But way wrong on wind vs coal. You can absolutely supply the additional energy with wind. In fact, the entire utility industry is excited about the MUTUAL benefits of adding electrics & plug-ins on the car side, and wind & solar on the electricity side. Why? V2G - i.e. Vehicle-To-Grid. Renewable electricity's largest drawback is its "variability," i.e. it swings up & down in output. But what the Grid needs to accommodate that is... storage capacity. And what does a battery offer? Yep. Storage capacity. The utility studies are showing that if we add electric vehicles & plug-ins in large numbers, we can ALSO then provide as much as 50% of the total US electrical needs from wind & solar. This is the world-changer hidden in here, beyond getting off oil, and why Obama has been leading the drive in support of plug-in's. We need to eventually change the infrastructure to bring these larger amounts of wind & solar to market, and also to develop more of a Smart Grid, which can take & give power on a distributed basis.

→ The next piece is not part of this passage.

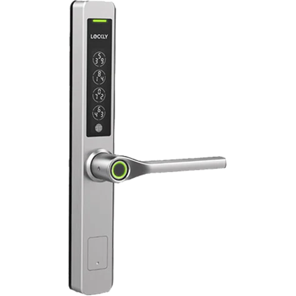 SLIDE EDITION Access for thin framed sliding doors Provides main entrance lever access and security for thin framed metal, aluminum or wooden sliding doors. - Hack-proof PIN Genie® digital touchscreen- 3D biometric fingerprint sensor access - Stores up to 99 fingerprints- IPX4 rated for water protection- Issue Offline Access Codes™ that do not require users to download an app or have WiFi or Internet connection to use- Fast Pass MIFARE RFID access- eKeys - Grant one-time use or specific time duration access by issuing codes, digital eKeys via a mobile device- Grant access even when you're not home - Remotely lock and unlock your door from anywhere using the Lockly app- Full control with smartphone and Lockly\OS ™

The Volt will be a plug-in hybrid, and it may be the first pure 'parallel' hybrid... But the Prius already uses BOTH a series and a parallel architecture.

Tesla's cost $100k, but they're aimed at the high-end sports car market, so the price isn't that bad. Their sedan is likely $50-$70k, but the Volt should be $35-$40k, and a lot of other plug-in's & all-electrics are coming which will be $30k, $20k etc.

The Aptera is gorgeous, and may well be wonderful fun in parts of the country, but anywhere you have cold weather & snow, or bad roads, or have to haul any significant weight, it's probably not gonna do it.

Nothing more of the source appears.